House Bill 353, introduced March 3, 2025, would add a new section (Idaho Code § 41-351) to regulate cost-sharing requirements for health benefit plans, with a focus on how third-party payments and manufacturer assistance for prescription drugs are counted toward an enrollee’s out-of-pocket costs. The bill is currently “Reported Printed and Referred to Health & Welfare” in the House.

Purpose and intent

  • To ensure that any payments made by a third party on behalf of an enrollee (including manufacturer discounts, coupons, rebates, or other financial assistance) are counted toward the enrollee’s cost-sharing obligations for prescription drugs.
  • To establish rules governing how manufacturer assistance is applied, disclosed, and reported to state regulators.
  • To provide a framework for transparency and monitoring of manufacturer-assisted cost-sharing reductions.

Key provisions

1) Definitions

  • Defines “cost-sharing requirement” as any copayment, coinsurance, deductible, or annual limit on cost-sharing for a covered health care service.

2) Calculation of cost-sharing for prescription drugs

  • When calculating an enrollee’s cost-sharing for a covered prescription drug, include payments made by:
    • The enrollee, and
    • Any third party acting on behalf of the enrollee.

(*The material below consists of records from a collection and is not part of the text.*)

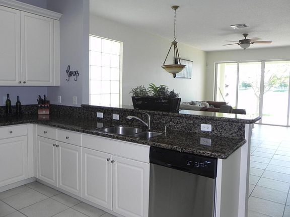 Open and spacious 4/2 with a 2 car garage. Enjoy the beautiful sunrises from your back patio that over looks a large lake. All newer Stainless Steel appliances in the kitchen, newer and upgraded washer and dryer. Two year old air handler, Newer hot water heater, all bedrooms with updated wood looking tiled floors. Lawn and alarm is monitored through the HOA. Community offers: 24/7 man gated entry,clubhouse with pool and gym, tennis, play area for children and more. SELLER WILL PAY THE $900.00 CAPITAL CONTRIBUTION AT CLOSING FOR THE BUYER.
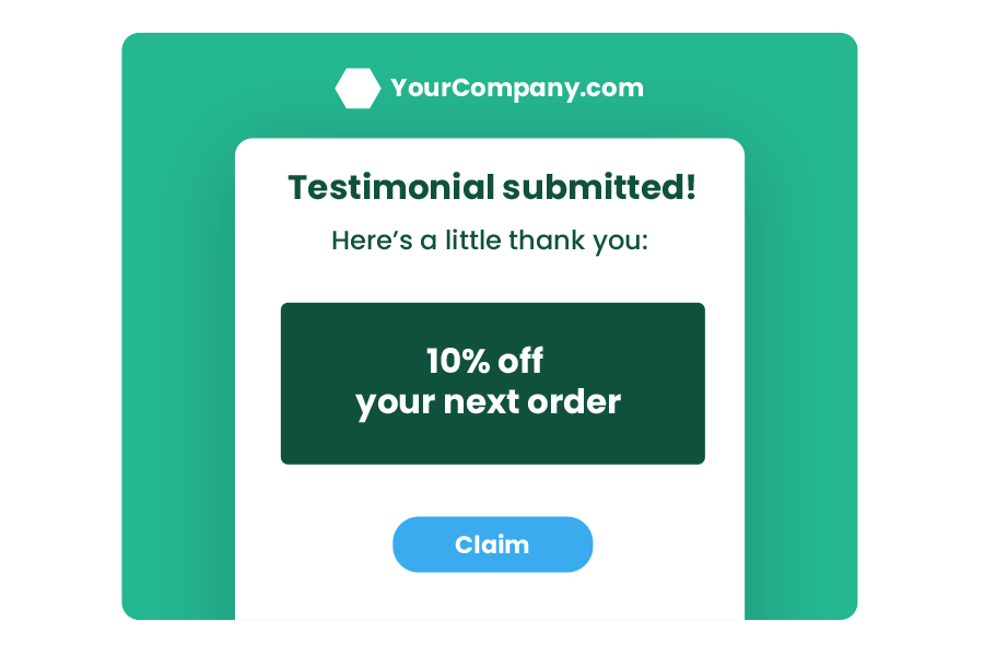 Reward loyal customers with an incentive to complete their testimonials. Set up within the form builder in minutes.
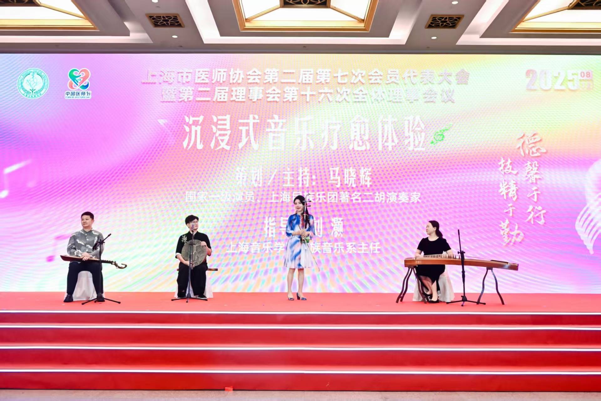 新华社上海10月10日电(记者袁全)8月份的中国医师节,一场特别的音乐会在上海举行——来自上海市精神卫生中心的医学专家携手上海民族乐团著名二胡独奏家、国家一级演员马晓辉精心策划并呈现了一场沉浸式音乐疗愈体验。他们以音乐为媒介,为在场的医师们开启了一段心灵之旅。同日,上海市医师协会正式成立音乐与艺术疗愈专业委员会,成为国内在相关领域的首次尝试。

3) Manufacturer assistance requirements

If a manufacturer provides financial assistance for a covered prescription drug:
- The full value of the assistance must be applied toward the enrollee’s cost-sharing until the enrollee meets their cost-sharing obligations, and continue to the enrollee’s health benefit plan thereafter.
- A coupon or assistance program may not be discontinued mid-year.
- The manufacturer must notify the enrollee by October 1 if financial assistance will be discontinued in the following year.
- Assistance must be available to uninsured individuals on terms no less favorable than those offered to insured individuals.
- If a recipient’s plan eliminates cost-sharing due to the on-behalf payments, the assistance cannot be adjusted.
- Assistance cannot be provided in the form of post-claim reimbursement to the enrollee.

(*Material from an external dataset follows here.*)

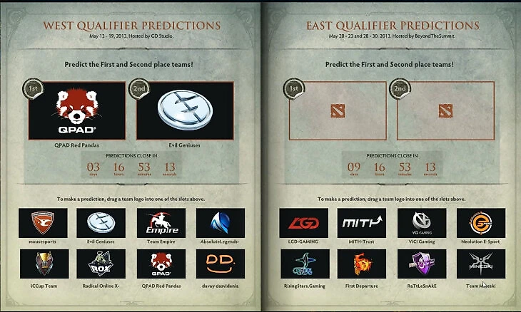 В Компендиуме можно было сделать предсказания победителей квалификаций и делать прогнозы:
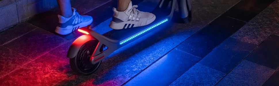 【COLORFUL AND ATTRACTIVE】The scooter's light strip supports multiple mode flash, multiple color change and high absorption area coverage.

4) Reporting by manufacturers

  • By August 1, 2027, and by August 1 annually thereafter, manufacturers must report to the Idaho Department of Insurance (DOI), for the preceding calendar year, for each drug with any cost-sharing-reducing assistance:
    • (a) Number of patients in Idaho receiving assistance
    • (b) Total value of the assistance
    • (c) Terms and eligibility verification criteria
    • (d) Total state sales of the drug based on wholesale acquisition cost

5) Effective date and applicability

  • The statute applies to health benefit plans entered into, amended, extended, or renewed on or after January 1, 2027.
  • For qualified high-deductible health plans (HDHPs), the cost-sharing requirements apply only after the enrollee has satisfied the deductible.

6) Exceptions

  • Excludes prescription drugs if there is a medically appropriate generic equivalent or biosimilar that is covered and prescribed as appropriate by a patient’s physician.

7) Rulemaking

  • The Idaho DOI may promulgate rules, with legislative approval, to implement the provisions.

Fiscal impact

  • The fiscal note indicates no net change in state revenue or expenditures; the bill would not impose additional state or local costs.

Who is affected

  • Enrollees and uninsured individuals receiving prescription drugs with manufacturer assistance.
  • Health benefit plans and insurers implementing drug cost-sharing.
  • Prescription drug manufacturers providing discount programs, coupons, rebates, or other financial assistance.
  • Idaho Department of Insurance for monitoring and reporting requirements.

Timeline and next steps

  • Effective date: January 1, 2027.
  • Annual reporting by August 1 each year, starting August 1, 2027.
  • Potential rulemaking by the DOI, subject to legislative approval.

This summary captures the bill’s core changes to cost-sharing reporting and the treatment of manufacturer-assistance in prescription drug costs, along with its scope and timeline.

Compiled from official sources — confirm details with the bill’s official record.